===== Source data =====
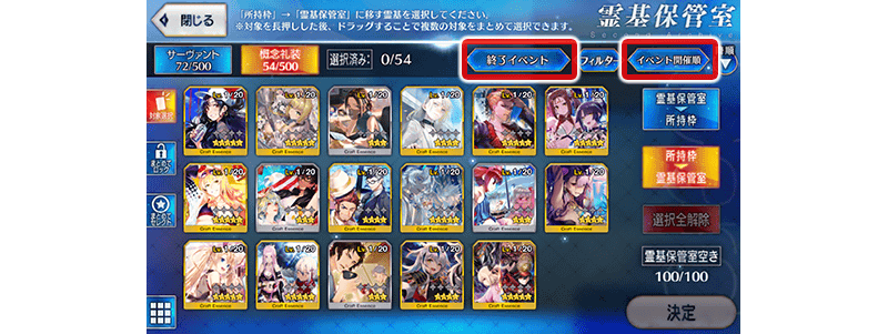 「終了イベント」フィルターを使って、イベント終了後に概念礼装を霊基保管室への移動する場合などにお役立てください。
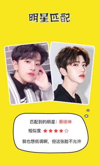 找到与你长得像的明星,或许你也有明星脸,快来看看你更像谁吧。系统会从数千位明星中找出与你最相似的几位,让你发现自己的明星相。
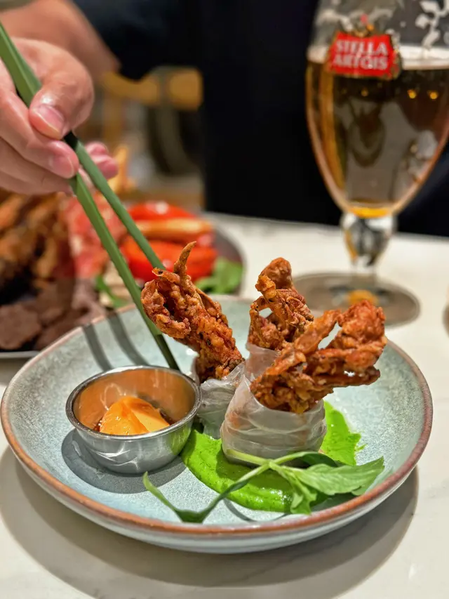 入面嘅主角軟殼蟹炸得啱啱好,蟹味香濃,唔會成口油。最驚喜係個醬,竟然係配牛油果醬🥑!估唔到泰式同西式fusion可以咁夾,牛油果嘅creamy同清新,正好中和咗炸嘢嘅油膩感,成件事即刻高級咗。
=====
▶ **Requirement**: Please write out, word for word, each line from the one with "找到与你长得像的明星,或许你" to the last line of the data, keeping both ends and omitting pictures.

▶ **Result of this exercise**:
 找到与你长得像的明星,或许你也有明星脸,快来看看你更像谁吧。系统会从数千位明星中找出与你最相似的几位,让你发现自己的明星相。
 入面嘅主角軟殼蟹炸得啱啱好,蟹味香濃,唔會成口油。最驚喜係個醬,竟然係配牛油果醬🥑!估唔到泰式同西式fusion可以咁夾,牛油果嘅creamy同清新,正好中和咗炸嘢嘅油膩感,成件事即刻高級咗。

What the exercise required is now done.